December 2025
Supporting our release of LemonSlice Agents is LemonSlice-2, a novel video diffusion transformer model and inference framework that enables real-time, interactive avatar experiences. LemonSlice-2 is a 20 billion parameter, few-step causal model that achieves a generation throughput of 20 frames per second on a single GPU. Efficient attention and caching strategies enable ultra-fast response times in an interactive setting and infinite-length videos with zero error accumulation. LemonSlice-2 supports full-body avatar generation with expressive and semantically aware gestures. It is now available to the public for general use.
Any character
Videos generated in real-time from a single image and audio sample on one GPU
Any style
Videos generated in real-time from a single image and audio sample on one GPU
Expressive gestures & scene awareness
Videos generated in real-time from a single image and audio sample on one GPU
Real-time interactions
LemonSlice-2 enables real-time interactions with any character. Below we show screen recordings of the embeddable widget powered by the model, now available for general use.
Breaking the real-time barrier
LemonSlice-2 generates video frames faster than they can be watched. Strategies we used to break the real-time barrier include causal attention, a novel distribution matching distillation-inspired training paradigm, efficient caching, CUDA graph acceleration, and quantization.

Ultra-fast response times
Users of LemonSlice-2 experience an average response time of 2.8s.
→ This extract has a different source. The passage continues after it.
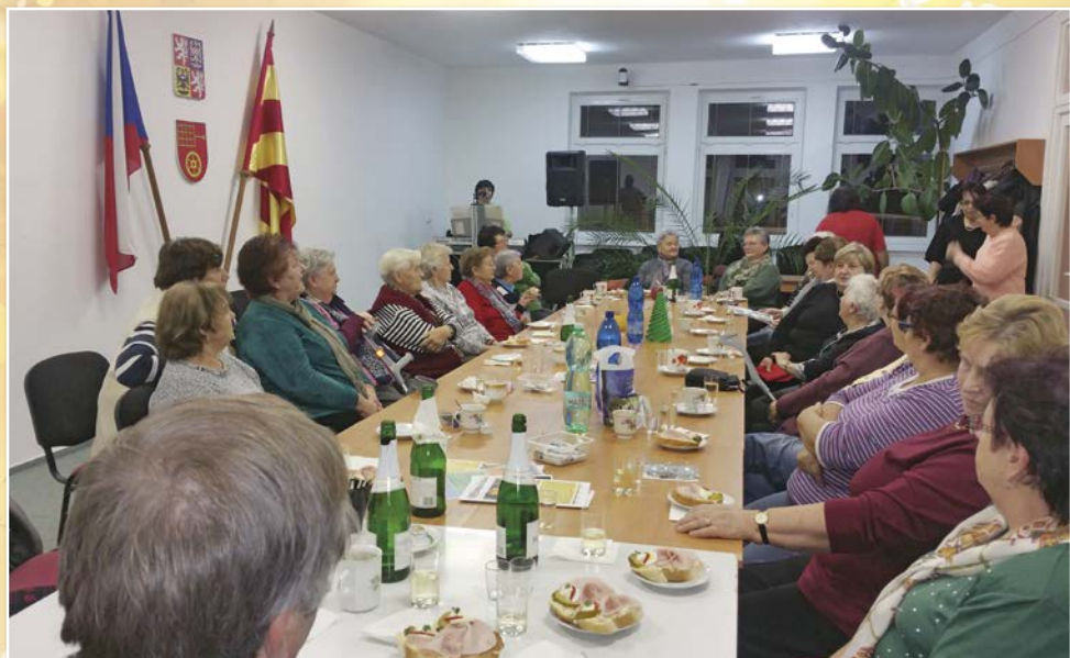
Předvánoční posezení seniorů s hudbou
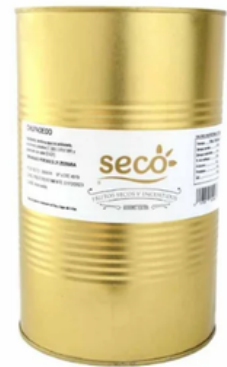
Aceitunas Chupadedos Gordal (2,5 kg)

Video generation makes up only 26% of that time (730 milliseconds).

Infinite video
As an auto-regressive model, LemonSlice-2 is not limited to generating videos of a fixed length. Critically, unlike other autoregressive models, it does not experience error accumulation, allowing for infinite-length video generation.

Dynamic text control
LemonSlice-2 enables real-time manipulation of video content via text prompting.